So maybe I just want to say, to myself as much as to anybody: keep trying. Don’t settle for something that “looks” right in lieu of something that feels right.
Don’t treat sexuality like a performance so long that you forget that it’s also a sensibility, a way to connect with your body and with the world, and something that has at least the potential to mean something magical.
Dear self, don’t buy fishnet stockings and then wear them only for someone else’s benefit. Wear them for your own.
Don’t manufacture someone else’s sexuality and wear it like a straitjacket. Create your own kind, tailored precisely to fit you, and change it as often as you need to in order to reflect every bit of new growth you do.
I’m too old to believe in happy endings. What I do believe is that we have more power within our romantic relationships than we do basically anywhere else in our lives, so jokes about Twu Wuv aside, those relationships matter.

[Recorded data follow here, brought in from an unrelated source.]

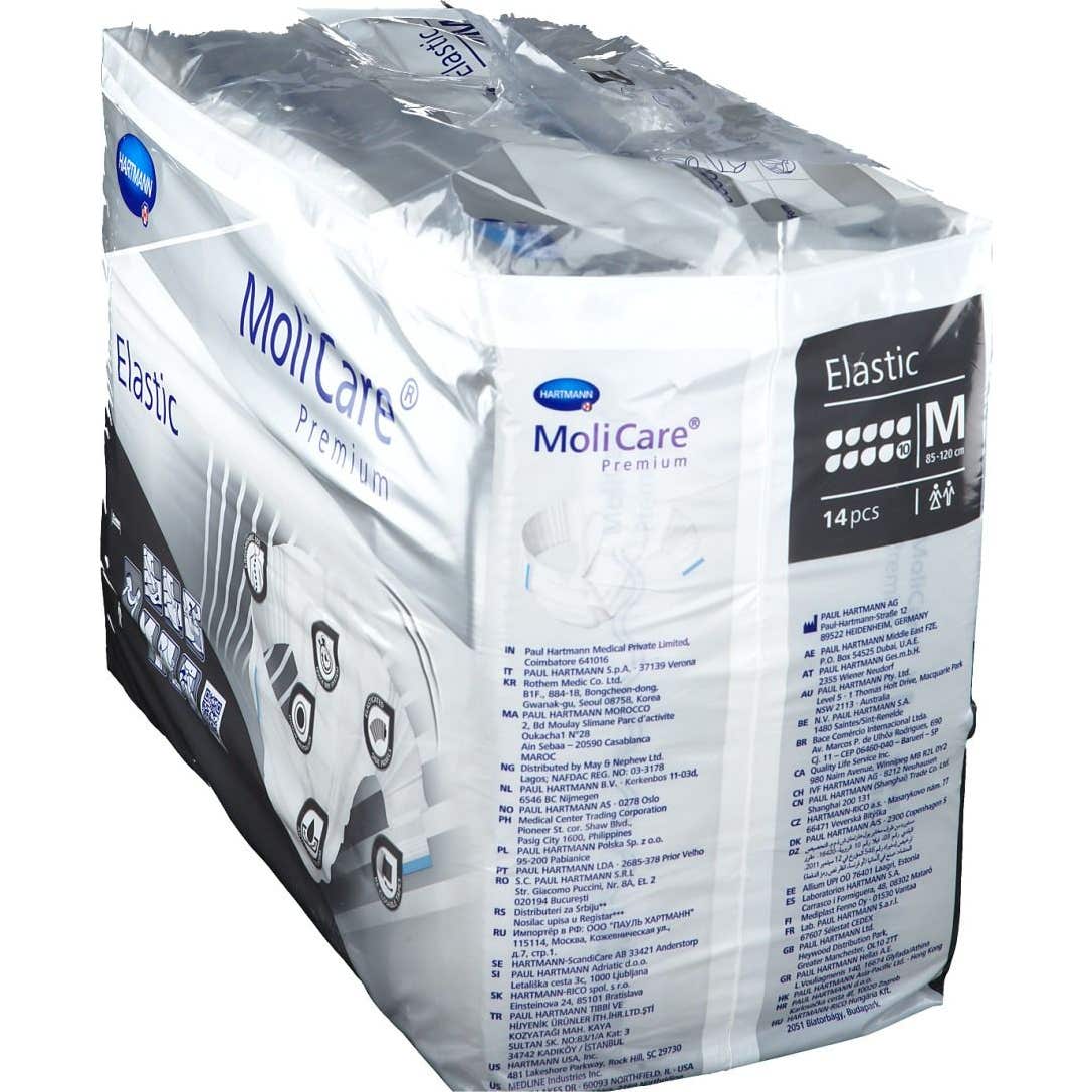 MoliCare Premium Elastic Couche 10 Gouttes Taille M 14uds sont des couches destinées aux adultes souffrant d'incontinence urinaire et/ou fécale très grave.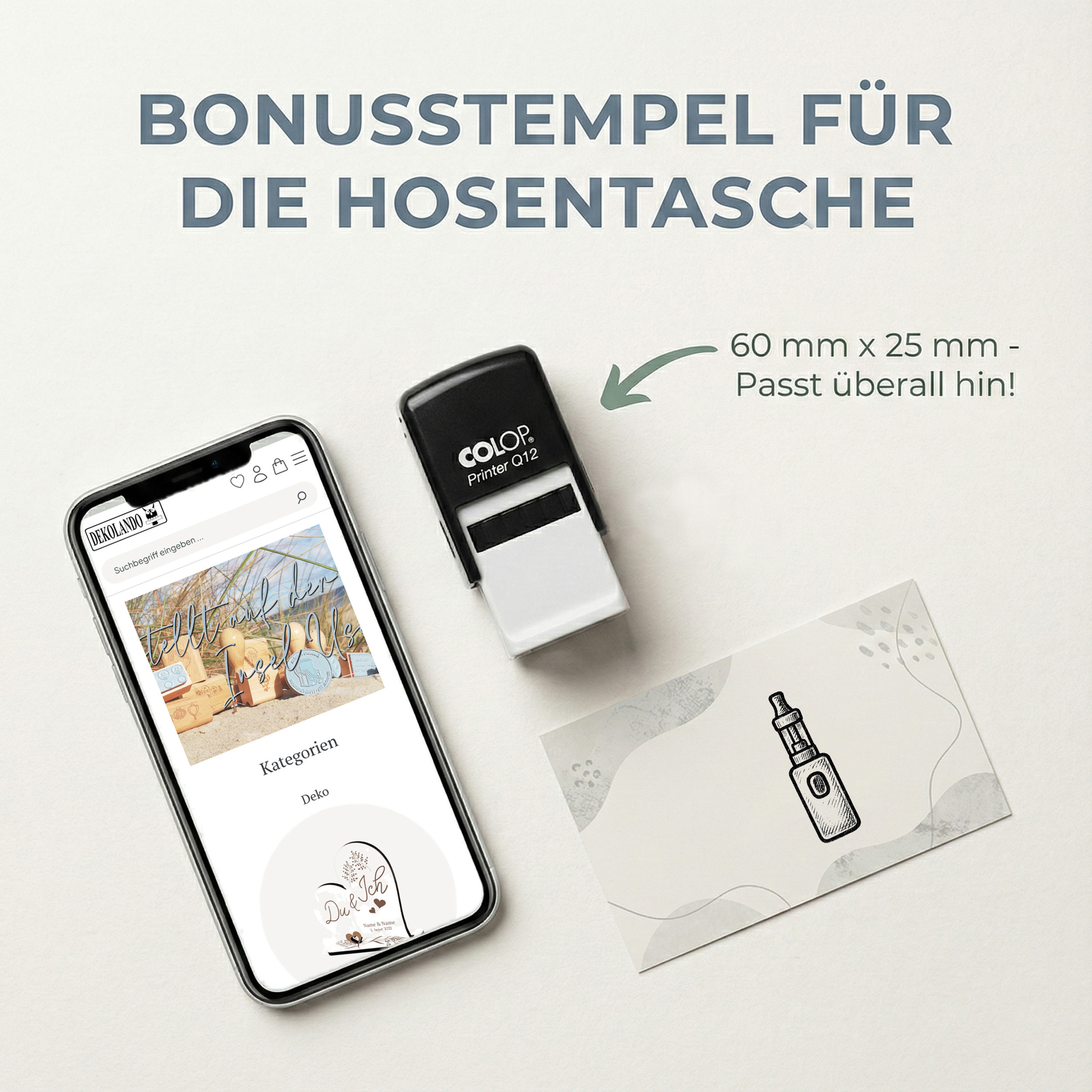 - Kompakter Stamper (60 × 25 × 25 mm) – robust, leicht & ideal für unterwegs; ideal für Gutscheine, Bonuskarte, Kundenkarte, Stempelkarte, Terminkarten, Kundenbindung & Rabattaktionen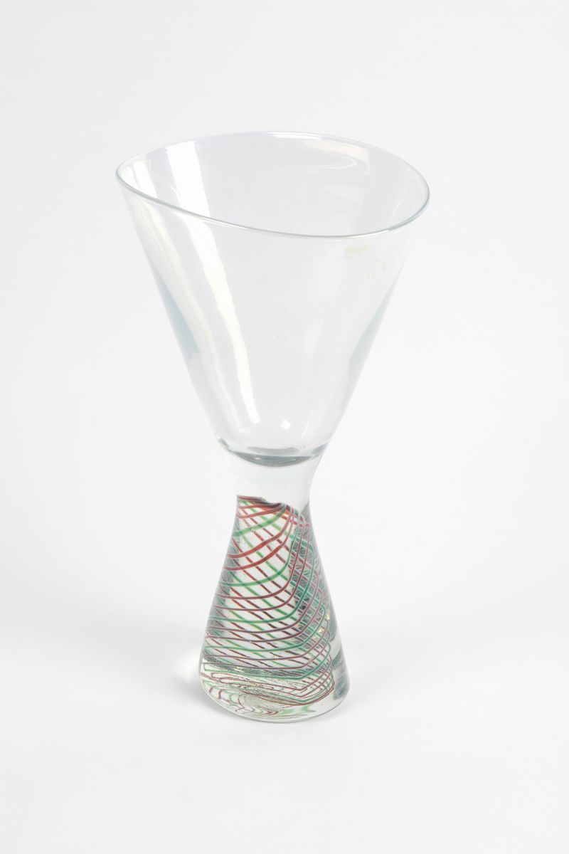 Vaso in vetro soffiato con piede in vetro pesante con decoro di spirale.
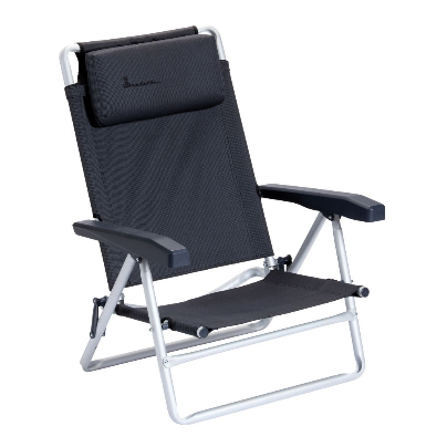 Zusammenklappbarer Strandstuhl mit verstell- und abnehmbarem Kopfpolster. Die Rückenlehne kann in 8 verschiedene Positionen verstellt werden. Gestell aus Aluminium.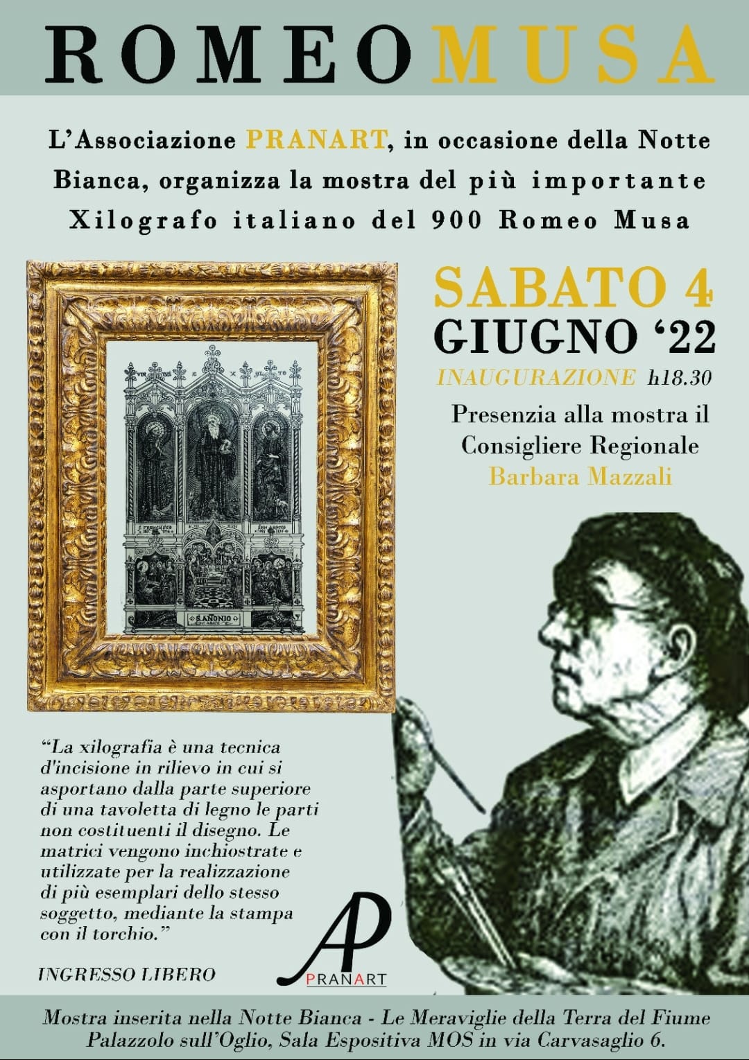 Sabato 4 giugno 2022 l’Associazione PRANART organizza, in occasione della Notte Bianca – Le Meraviglie delle Terre del Fiume, la mostra di ROMEO MUSA il più importante xilografo italiano del ‘900. Una collezione privata con pezzi inediti.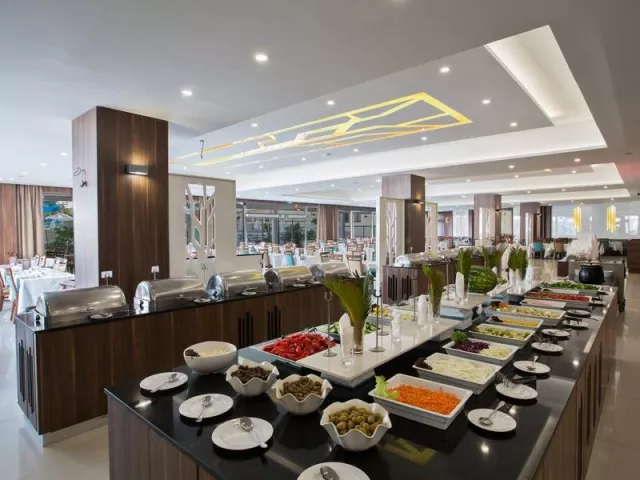K dispozícii je stravovanie formou all inclusive, ktoré ponúka raňajky, obedy a večere vo forme bufetu s možnosťou tematických večerí a občerstvenia počas dňa. Hostia si môžu vychutnať aj miestne alkoholické a nealkoholické nápoje.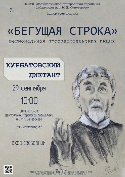 Центр грамотности Великолукской центральной городской библиотеки им. М.И. Семевского приглашает великолучан принять участие в региональной просветительской акции Курбатовский диктант «Бегущая строка», посвящённой 83-летию со дня рождения выдающегося литературного критика, литературоведа, прозаика, члена Союза писателей России, члена Президентского Совета по культуре, лауреата Государственной премии Российской Федерации Валентина Курбатова. Инициатором акции является ГБУК «Псковская областная универсальная научная библиотека им. В.Я. Курбатова».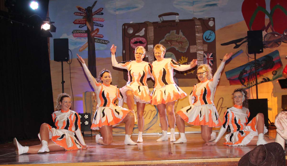 (zg) „Ned Normaal“ präsentierte sich der Bargener Carneval Club bei seiner Prunksitzung am vergangenen Freitag und brachte unter dem diesjährigen Motto „Ab in den Urlaub“ die ausverkaufte Halle zum kochen. Präsidentin Belinda Kuhn und Moderator Robert Hren begleiteten die Gäste aus nah und fern viereinhalb Stunden von einem Höhepunkt zum nächsten. Nach dem Einzug der Garden und Hexen wurden die ersten Küsschen bei der obligatorischen Verleihung der Kampagneorden verschenkt. Die Mottogruppe hatte sich wieder viel für den Einstieg in den Abend einfallen lassen und wurde frenetisch mit Beifall bedacht. Bei Ohrwürmern aus dem Repertoire von Helene Fischer standen die Gäste schnell auf den Stühlen. Mit Tanz- und Gardetanzeinlagen der Bambinis und der Minigarde des Vereins wurde auf die erste Bütt mit Hiltrud und Elvi übergeleitet, die ihre Erlebnisse und Erfahrungen mit der Männerwelt humorig in Szene setzten. „In göttlicher Mission“ gastierte die Tanzsportgruppe Asbach beim CCB und begeisterte, alle Sinne betörend, mit dem Musical Sister Act bevor die Bargener Gugge „Caipirinha Fäzzer“, musikalisch anspruchsvoll, für noch mehr urgewaltige Stimmung sorgte. Mit einem Showtanz der Minigarde des CCB zeigte der Vereinsnachwuchs erneut sein Können, gefolgt von einem Ausflug in den Orient der Junioren der Jazztanzgruppe Aglasterhausen. „Landarzt“ Hartmut Kolb machte in der Bütt schnell allen klar, dass sich der Veterinär auch auf Humanmedizin versteht und gab viele „menschliche Kleinigkeiten“ zum Besten. Danach setzte die große Jazztanzgruppe aus Aglasterhausen ihre „Weltreise“ fort und entführte die in Bargen versammelte Narrenschar, in der wieder besonders anspruchsvoll dekorierten Mehrzweckhalle, tänzerisch in ferne Gefilde. Die Große Garde der Hausemer Windbeutel beeindruckte in rot und schwarz ihr Publikum bevor „Pfarrer“ Wolfgang Schwarz den Bargenern die Leviten lies. Die „Brusler Schlabbedenlä“ kamen mit Guggenmusik über die gerade erst „ernüchterten“ Gäste daher und sorgten für ein musikalisches Erdbeben in der betagten Halle. Von ihrem Leid als Ehefrau und Mutter wusste Babsi Bachwinkler alias Monika Hönig zu erzählen und brachte die Lacher schnell auf ihre Seite. Neu formiert gab die vereinseigene Gruppe „Aventura“ beeindruckend ihr Debüt bei der Prunksitzung und stellte einmal mehr das Potential des Vereins unter Beweis. Erst auf den zweiten Blick entpuppte sich der sich anschließende Gardetanz als diesjähriger Beitrag des „Krampfodergschader“. Tänzerisch perfekt intoniert rissen die Akteurinnen nochmals das Narrenvolk auf die Stühle und heizten die Halle zu einer Begeisterungsstampede ein. Ihnen standen die jungen Männer von „Ned Normaal“ nicht nach, die vor dem großen Finale mit sportlichem Showtanz- und Artistikeinlagen brillierten. Als Feuerwehrmänner zogen sie durch die Halle und schreckten auch vor dem Einsatz mit Löschwasser nicht zurück. Last but not least gehörte der Dank des Vereins allen Akteuren und Helfern, die in Bargen wieder das Unmögliche möglich machten. Präsidentin Belinda Kuhn und Moderator Robert Hren dankten beim großen Finale mit Guggenmusik den technischen Helferinnen und Helfern, der Küchen- und Ausschankmannschaft, den Damen der Maske, dem Dekoteam. das wieder eine kunstvolle Hallendekoration realisiert hatte und allen, ohne die das Mammutwerk von Prunksitzung, Kinderfasching und Umzug nicht möglich wäre. Ein Ständchen, dem sich die Hallenschar anschloss brachten die CCBler ihrer Mittänzerin Laura Hönig, die mit ihrem Auftritt auch gleich noch ihren 18. Geburtstag begehen konnte.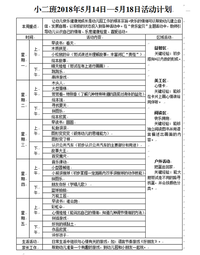 2018年5月第3周周计划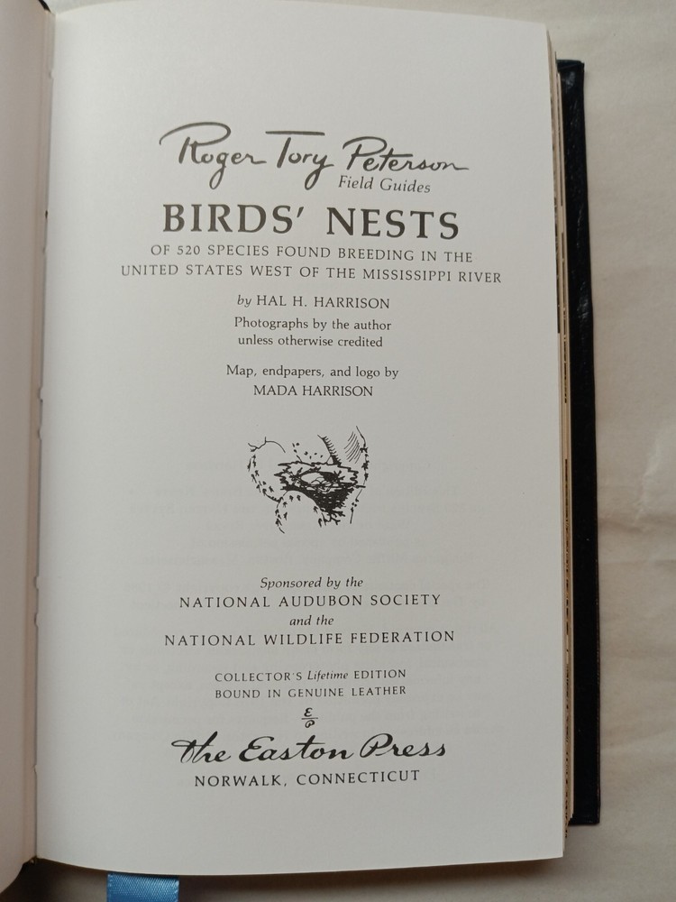 Up for sale is a Western Birds' Nests Roger Tory Peterson Field Guide Easton Press Leather With Gilt Edges and Silk Ribbon. In very fine pre-owned condition.Please look at my pictures for condition. Shipping is U.S.P.S. Only. We will Combine Shipping. Buy with confidence Fast Fair Shipping. U.S.A. seller Our goal is to keep our customer's Happy. Happy Shopping.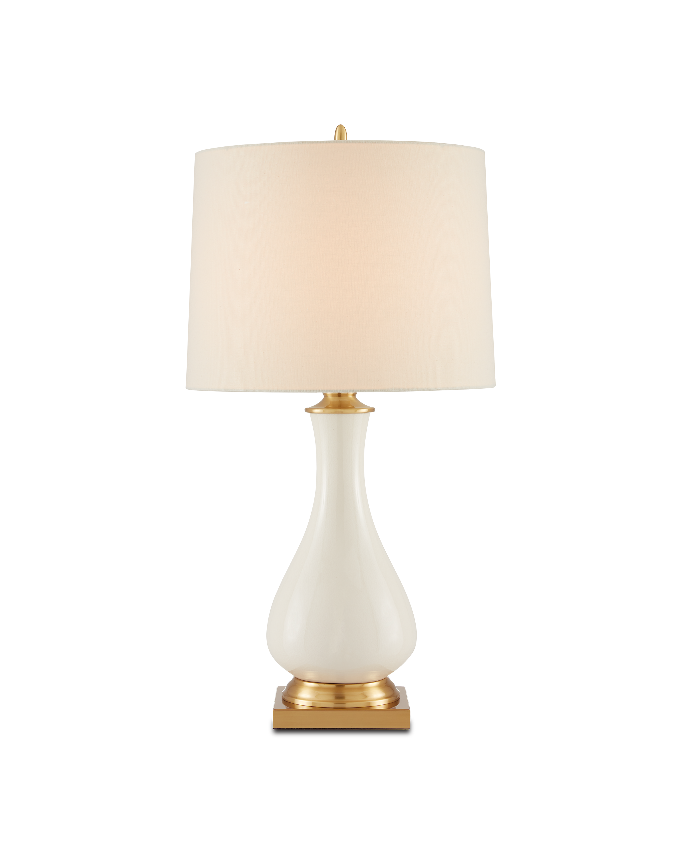 The Lynton Cream Table Lamp, a modernized version of a classically styled ceramic lamp, has a cream crackle finish. The warm glow of the brass mountings and coordinating finial contrast the body and the off-white linen shade.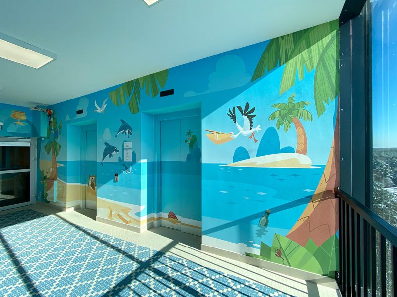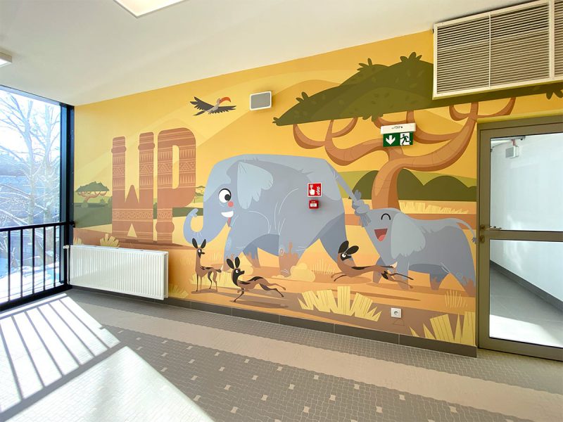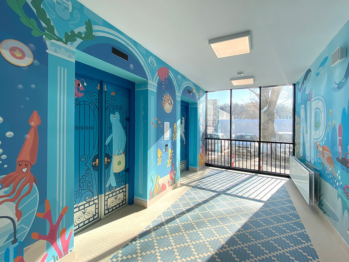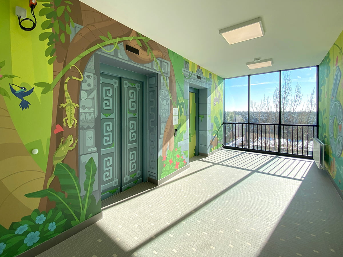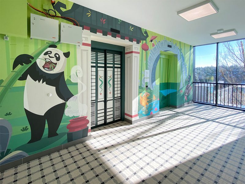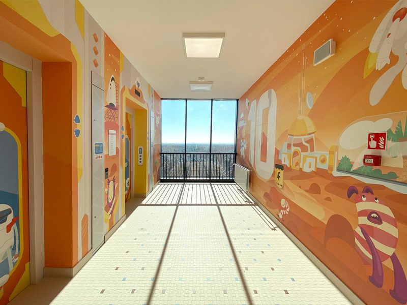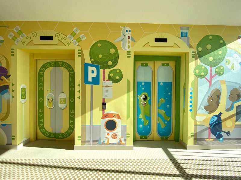 Zapraszamy do magicznej podróży! Na 12 poziomach strefy wind głównego budynku Centrum Zdrowia Dziecka powstały bajeczne krainy. Mali podróżnicy mogą odwiedzić między innymi: Podwodne Królestwo, Kocie Miasto, Madagaskar, Wyspę Skarbów czy też Mars. Wnętrza wind zostały przekształcone w latający pojazd i odrzutowiec. To dopiero będzie wyprawa! Łącznie zainstalowaliśmy ponad 800m2 specjalistycznych tapet z autorskimi ilustracjami. Uroku dodaje posadzka z przepięknej mozaiki indywidualnie dobrana do każdego z pięter.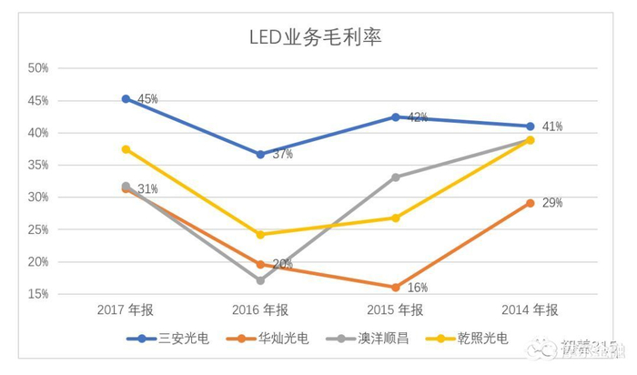 2、如何做到高毛利率在对比毛利率时,一定要考虑是同样的产品或者服务,不能直接拿公司的毛利率就对比,毕竟除了LED芯片,澳洋顺昌还有锂电池、钢板等业务等,因此尽量使用同业务的毛利率,因此本文选取下述公司的数据均为LED芯片毛利率数据。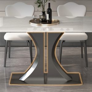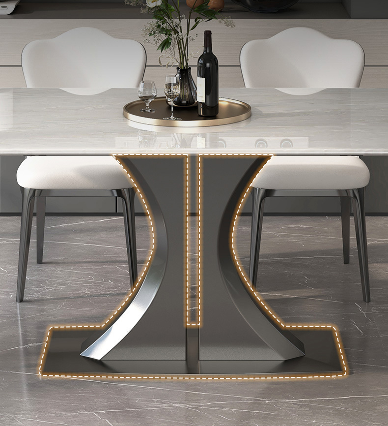Phần chân bàn bằng thép không gỉ được xử lý tỉ mỉ, tạo nên kết cấu vững vàng và khả năng chống ăn mòn ưu việt. Thiết kế chân bàn mang đường cong mềm mại, mang đến cảm giác cân đối, hài hòa và đầy tính nghệ thuật. Chính sự kết hợp giữa độ bền và nét thanh thoát này giúp bàn trở thành điểm nhấn hoàn hảo cho không gian sống hiện đại.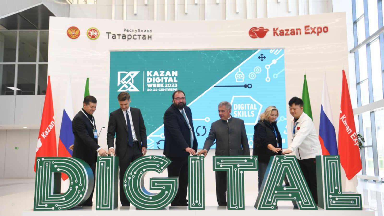Сегодня 20 сентября на площадке «Казань Экспо» состоялось открытие международного форума Kazan Digital Week-2023 и V отраслевого чемпионата в сфере цифровых технологий DigitalSkills-2023. в церемонии приняли участие Раис Татарстана Рустам Минниханов, министр цифрового развития, связи и массовых коммуникаций РФ Максут Шадаев, заместитель министра транспорта РФ Дмитрий Баканов, генеральный директор Агентства развития профессий и навыков Роберт Уразов.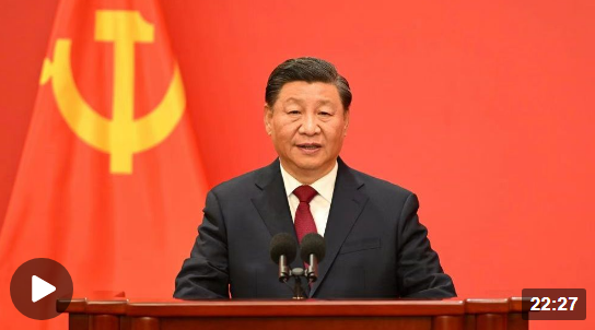 在中國共產(chǎn)黨第二十屆中央委員會第一次全體會議上當選的中共中央總書記習(xí)近平和中共中央政治局常委李強、趙樂際、王滬寧、蔡奇、丁薛祥、李希,23日中午在人民大會堂同采訪中共二十大的中外記者見面。習(xí)近平發(fā)表重要講話。

I might never get past the point where smiling back at this girl petrifies me. Still, acknowledging that is something, that’s a step. It’s a punch thrown in the face of people who’ve got a problem with me loving women.
It’s one more blow against my eating disorder’s insistence that being anything other than thin means being an immoral slutty unlovable slob.
There’s an abyss where everything I could become lives, and sometimes there are these people that abyss shows up around. Sometimes that abyss seems too scary to risk a single step in, but then there are these moments where staying outside of it also seems dangerous.
Interpreting subtext line by line is fun and time-consuming, but it also transforms love into the kind that’s claustrophobic, the kind that dies off slowly and contributes to entropy as it does.
Maybe sometimes it’s all a person can do. Maybe for now it’s enough to remember how to feel, or really, in my case, to learn for the first time.
Doesn’t make me wish any less for subtext to become story, to become action — for me to stop drowning in words, and start saying them instead.